• Task requirements:
Can you print the data exactly and leave out each image?

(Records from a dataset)

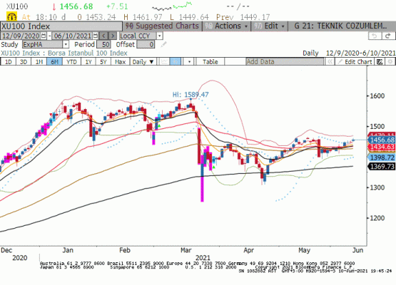 Perşembe gününü , yüzde 0,52 değer kazanarak günü 1.456,68 puandan tamamlayan BIST 100 endeksinde yatay hareket hala son bulmuş görünmüyor . Önümüzdeki günlerde 100 günlük hareketli ortalamanın bulunduğu 1470 seviyelerini test edebilir. Nisanın sonlarından itibaren yeni bir yükseliş trendi oluşturmaya çalışan endeks için en kritik seviye ilk etapta 1470 seviyeleri. Bununla birlikte son aylarda kura çok duyarlı hale gelen endeks dünkü düşüşten aynı oranda verim alamadı ve alımlar sınırlı kaldı. Önümüzdeki süreçte Biden’ın Türkiye ziyareti ve bunun üzerine söylemleri endeksin yönünü tayin edecek.
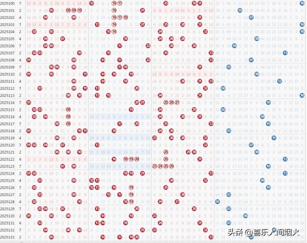 本期开奖号码,龙头5,凤尾33,跨度28点,三区比1:4:1,二区占优。本期在连号方面开出了1组连号,19号和20号分布在二区,同尾号开出组0组,重号开出0枚,从012路角度来看,开出了1枚0路号码,1枚1路号码和4枚2路号,蓝球开出7号,间隔12期再次开出。
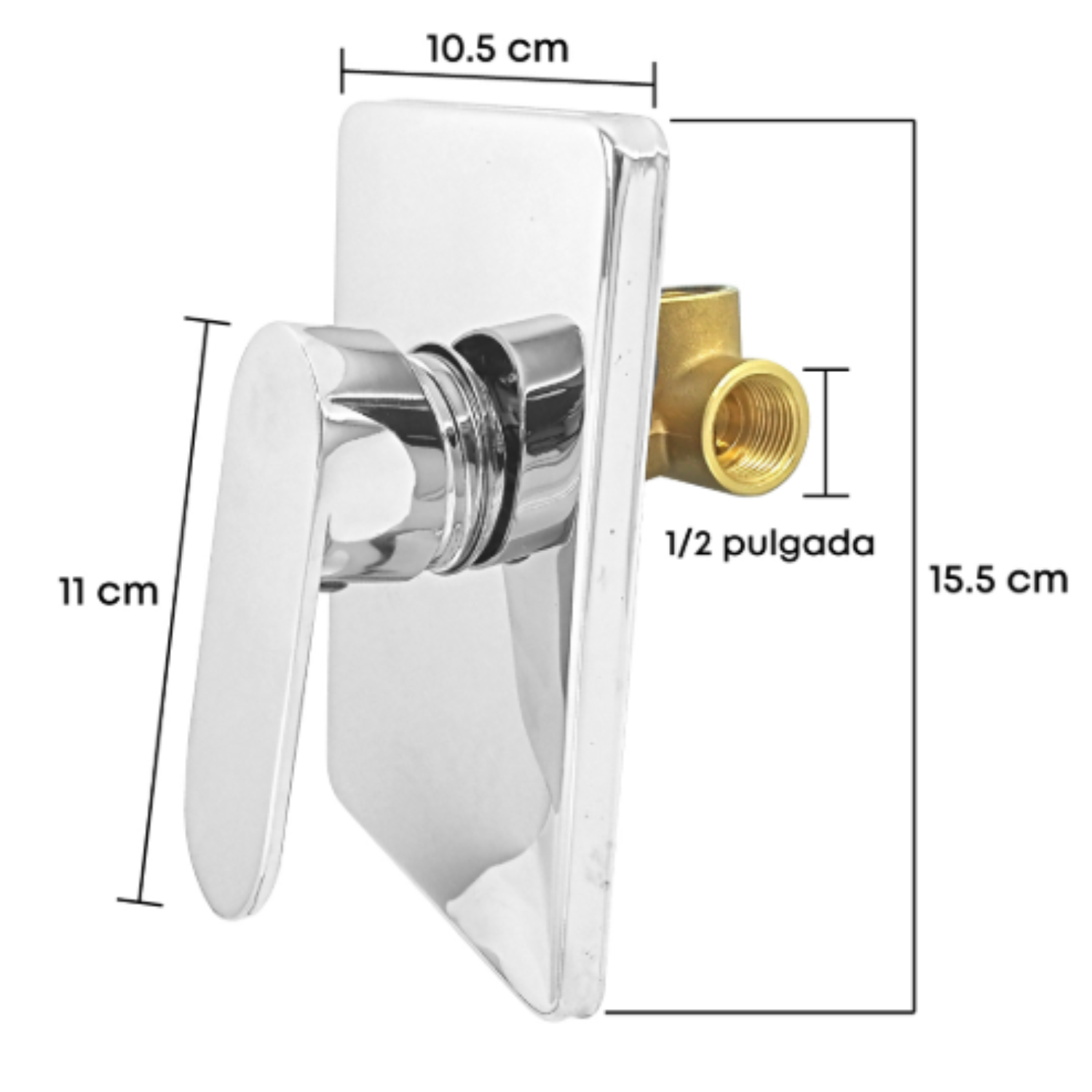 El Monomando Mezclador Ducha Rectangular en cromo brillante de AQUA combina un cuerpo de bronce duradero con un diseño moderno y funcional. Sus medidas de 16 cm x 10.5 cm ofrecen una instalación precisa, mientras que su cartucho de cierre suave asegura una operación confiable para mezclar agua fría y caliente con facilidad. Cuenta con garantía de dos años y respaldo legal. Para preservar su acabado, evite productos abrasivos, ácidos concentrados y herramientas que puedan dañar el cromo; además, se recomienda purgar la tubería antes de instalar para evitar sedimentos.
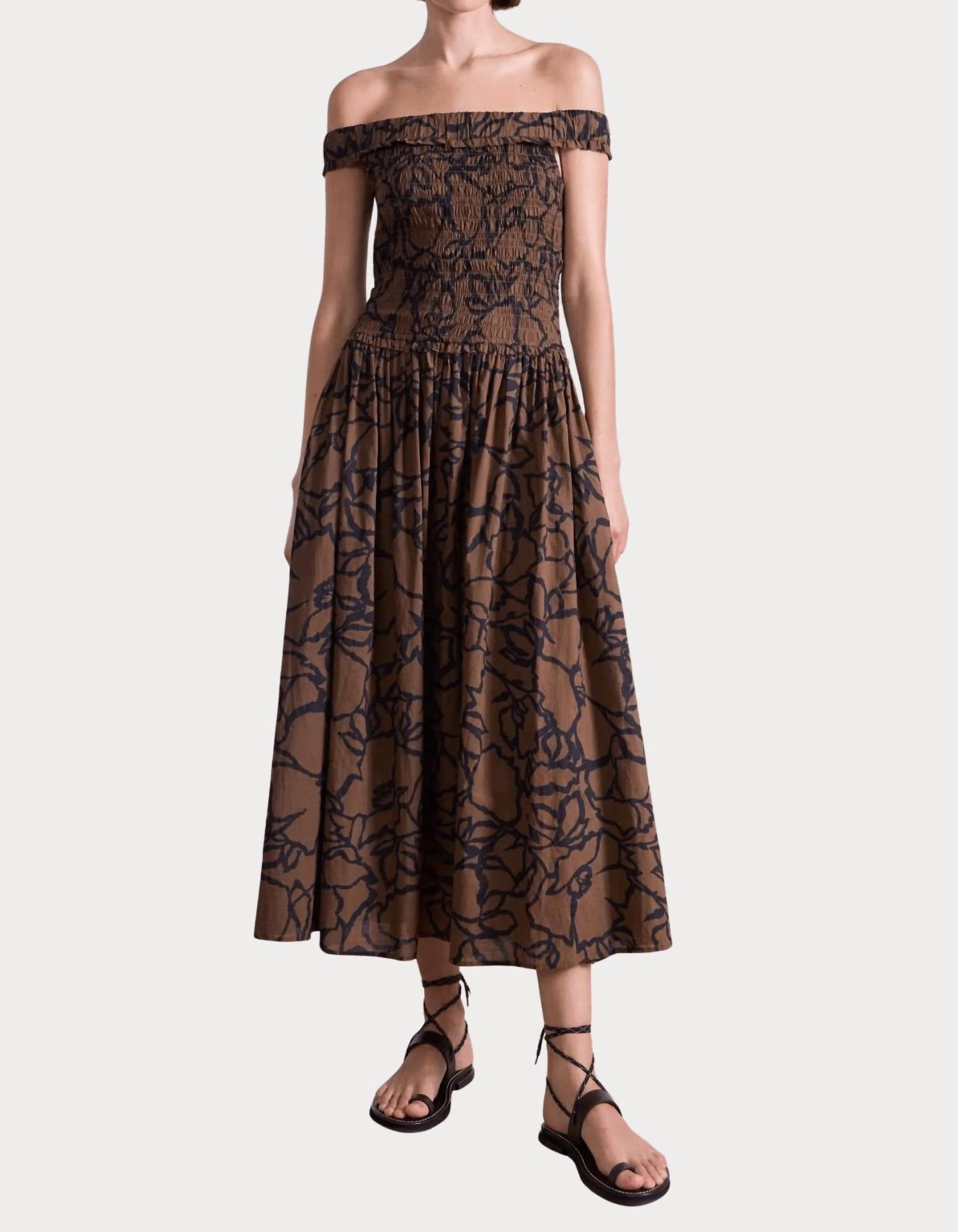 Cute and comfortable, this long sleeve dress has it all. Introducing the Britt Off-Shoulder Maxi Dress in Floral Chocolate by Apiece Apart, a perfect blend of boho chic and sophistication. This strapless dress features a fit and flare silhouette with elastic smocking throughout the bodice, offering a comfortable and flattering fit. Made in India from 100% organic cotton, it includes convenient side pockets for added functionality. Closure: Pull-on. Ideal for summer dinner parties and holiday celebrations. Model stands 5'10" and wears a size small.
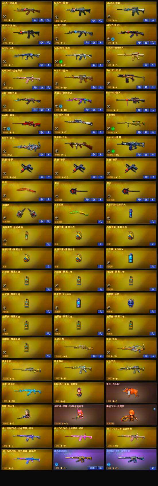 【英雄级武器】:高爆手雷-竞技荣光,烟雾弹-竞技荣光,闪光弹-竞技荣光,QBZ03-金色蔷薇,无影-神兵利器,M4A1-雷神,M4A1-黑龙,M4A1-玫瑰精灵,M4A1-黑骑士,加特林-炼狱,汤姆逊-烈龙,AK47-无影,AK47-火麒麟,AK47-黑武士,AK12-天启,Barrett-毁灭,AWM-裁决,AA-12-雷霆,Kar98K-星神,M4A1-猎神,黑武士-锦绣游龙,沙鹰-修罗*3,麒麟刺,擎天*2,屠龙

• Written answer:
 Perşembe gününü , yüzde 0,52 değer kazanarak günü 1.456,68 puandan tamamlayan BIST 100 endeksinde yatay hareket hala son bulmuş görünmüyor . Önümüzdeki günlerde 100 günlük hareketli ortalamanın bulunduğu 1470 seviyelerini test edebilir. Nisanın sonlarından itibaren yeni bir yükseliş trendi oluşturmaya çalışan endeks için en kritik seviye ilk etapta 1470 seviyeleri. Bununla birlikte son aylarda kura çok duyarlı hale gelen endeks dünkü düşüşten aynı oranda verim alamadı ve alımlar sınırlı kaldı. Önümüzdeki süreçte Biden’ın Türkiye ziyareti ve bunun üzerine söylemleri endeksin yönünü tayin edecek.
 本期开奖号码,龙头5,凤尾33,跨度28点,三区比1:4:1,二区占优。本期在连号方面开出了1组连号,19号和20号分布在二区,同尾号开出组0组,重号开出0枚,从012路角度来看,开出了1枚0路号码,1枚1路号码和4枚2路号,蓝球开出7号,间隔12期再次开出。
 El Monomando Mezclador Ducha Rectangular en cromo brillante de AQUA combina un cuerpo de bronce duradero con un diseño moderno y funcional. Sus medidas de 16 cm x 10.5 cm ofrecen una instalación precisa, mientras que su cartucho de cierre suave asegura una operación confiable para mezclar agua fría y caliente con facilidad. Cuenta con garantía de dos años y respaldo legal. Para preservar su acabado, evite productos abrasivos, ácidos concentrados y herramientas que puedan dañar el cromo; además, se recomienda purgar la tubería antes de instalar para evitar sedimentos.
 Cute and comfortable, this long sleeve dress has it all. Introducing the Britt Off-Shoulder Maxi Dress in Floral Chocolate by Apiece Apart, a perfect blend of boho chic and sophistication. This strapless dress features a fit and flare silhouette with elastic smocking throughout the bodice, offering a comfortable and flattering fit. Made in India from 100% organic cotton, it includes convenient side pockets for added functionality. Closure: Pull-on. Ideal for summer dinner parties and holiday celebrations. Model stands 5'10" and wears a size small.
 【英雄级武器】:高爆手雷-竞技荣光,烟雾弹-竞技荣光,闪光弹-竞技荣光,QBZ03-金色蔷薇,无影-神兵利器,M4A1-雷神,M4A1-黑龙,M4A1-玫瑰精灵,M4A1-黑骑士,加特林-炼狱,汤姆逊-烈龙,AK47-无影,AK47-火麒麟,AK47-黑武士,AK12-天启,Barrett-毁灭,AWM-裁决,AA-12-雷霆,Kar98K-星神,M4A1-猎神,黑武士-锦绣游龙,沙鹰-修罗*3,麒麟刺,擎天*2,屠龙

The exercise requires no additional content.